In a small farming town in eastern North Carolina, I was born Marcy Ann Marshburn, to my parents, Byron and Sharon, on a scorching late-August day in 1980. Growing up, the smell of sweet tobacco rising from the tin-roofed barns in the summer meant warm meals on our winter table. My lullabies were sung by a chorus of crickets and locusts, while lightning bugs danced in the shadows of tall pine trees behind my house; it was built by my grandfather, with yellow trim that hung like a frame around red brick. When I was nine years old, my family was expanded by one when my sister, K.C., arrived. Unlike me, shy and unsure with fair skin, dark hair, and hazel eyes like my father, she was a blonde, curly-haired, blue-eyed ball of energy. She was captivating from the very beginning, and the center of all of our attention. We were almost a decade apart, so many times, we have had a relationship that was more like a mother bear protecting her baby cub, rather than typical bickering sisters.

While I may not live on a farm anymore, I am still up before the sun to work at my job as a teacher in Apex, North Carolina. After moving to Raleigh in 1998 to attend North Carolina State University, the area began to feel like a new home, and I decided to stay. It is a good thing I did! I met my best friend and husband, Chris, in 2009, and we were married in the fresh, autumn air of the North Carolina mountains one year later. Since then, we’ve made a home in Holly Springs with our two dogs, Marley and Clark W. Griswold. Marley, my deaf, blind Lhasa Apso, has been with me since I was nineteen, and I can’t imagine life without her. Clarky, on the other hand, my speckled, spunky jackahuahua, is a new addition to our family.

When work gets hectic, my main escape is my family, but I also love to read; whether it’s catching up on the latest teen reads or reading the plant-strong recipes I love to create from cooking magazines, it’s one of my favorite ways to relax and find a place of my own. Additionally, running and leaving the worries of the day on the pavement under my feet while blasting some of my favorite music by The Postal Service or Led Zeppelin, is pure heaven. If I’m not getting exercise on my own, then America’s favorite pastime, baseball, is another way I like to unwind. There’s something about the crack of a wooden bat, the clouds of smoke billowing from the bustling concession stands, and the dust rising from the field after a third-base slide that makes me feel like a kid again. For further escape, I enjoy floating light as a cloud over the waters of a secluded mountain lake or in the salty waters of the intercoastal waterway in my kayak. Life just seems to creep by and slow down for me as I paddle my way along the winding turns.

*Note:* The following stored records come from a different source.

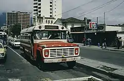 ![]() Autobuses de Quito, en la avenida Patria y 10 de Agosto. | ||
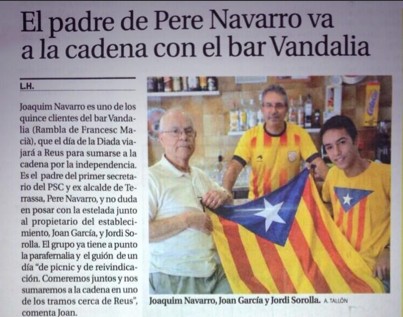 El propietari del bar, situat al barri de Sant Pere Nord, explica que Joaquim Navarro es va apuntar de seguida que va veure que hi havia una llista per a inscriure's a la Via Catalana.
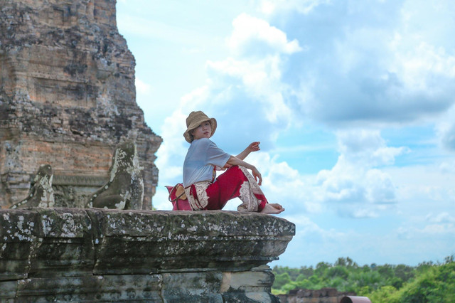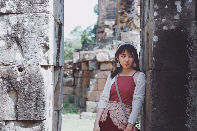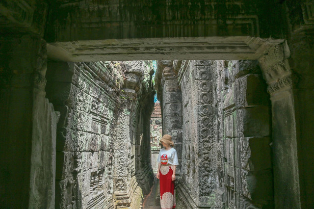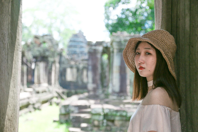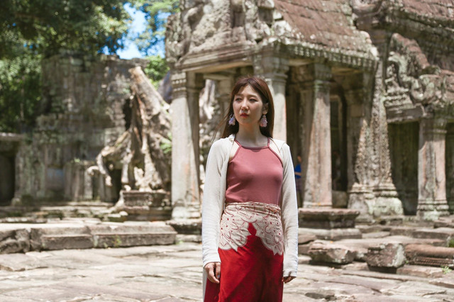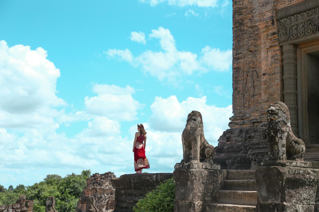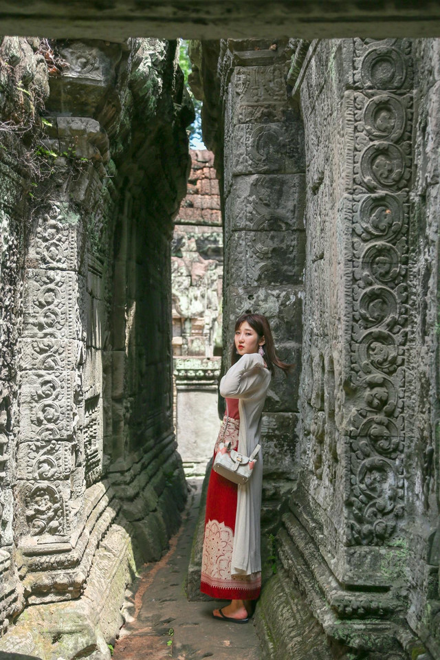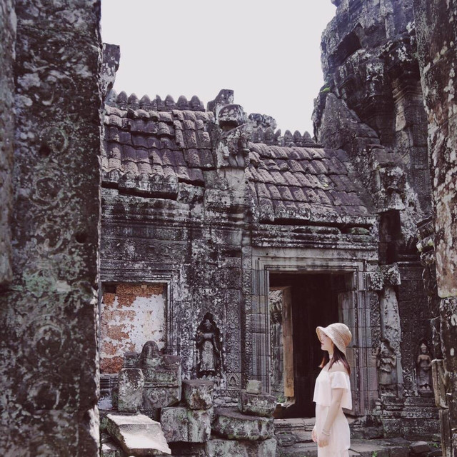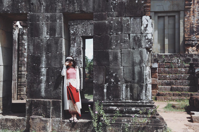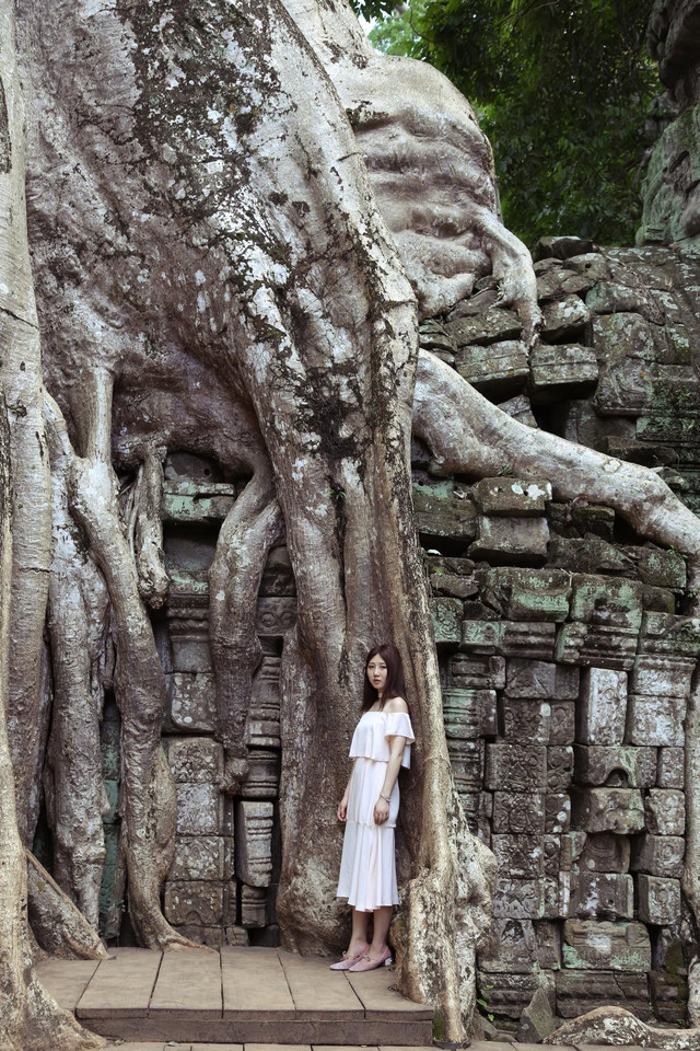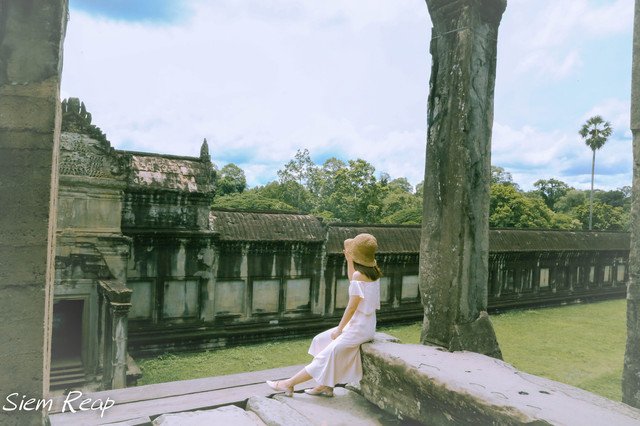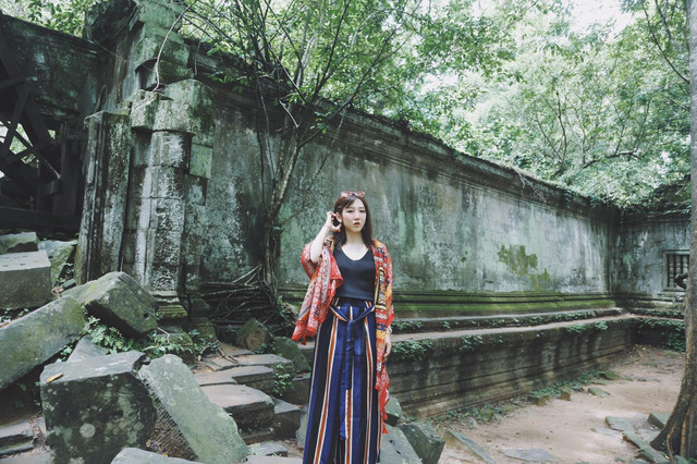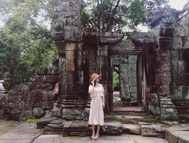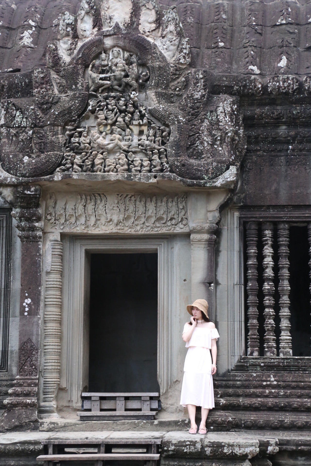 暹粒 的寺庙色调都比较深沉,黑灰为主,白色和红色的裙子是很好的选择,寺庙中是要求不允许穿吊带或者超短裙,如果裙子是吊带款式的话,可以像我一样在外面可以配一件外套,拍照的时候脱下来就行啦!

Clearly, reading and the outdoors keep me wonderfully happy here at home, but traveling has rewarded me with some of the most incredible memories imaginable. On our trips to Massachusetts, my husband and I walk through the cobbled streets of Boston, explore the tiny shops of Faneuil Hall, and sing “Sweet Caroline” at the bottom of the 8th at Fenway Park. Just recently, we returned from France, which to me is the most stunning place on earth! The architecture, history, people and landscapes of this beautiful country captivate my attention like nothing else, and I still have vivid dreams of our adventures there. In the future, one of my most important goals is to be fluent in the language that’s music to my ears, French, and to learn another type of music, by mastering the ukulele. From reading and exploring new places to learning new things, what I value most in my life is love and learning, and I hope to continue to do both for many years to come!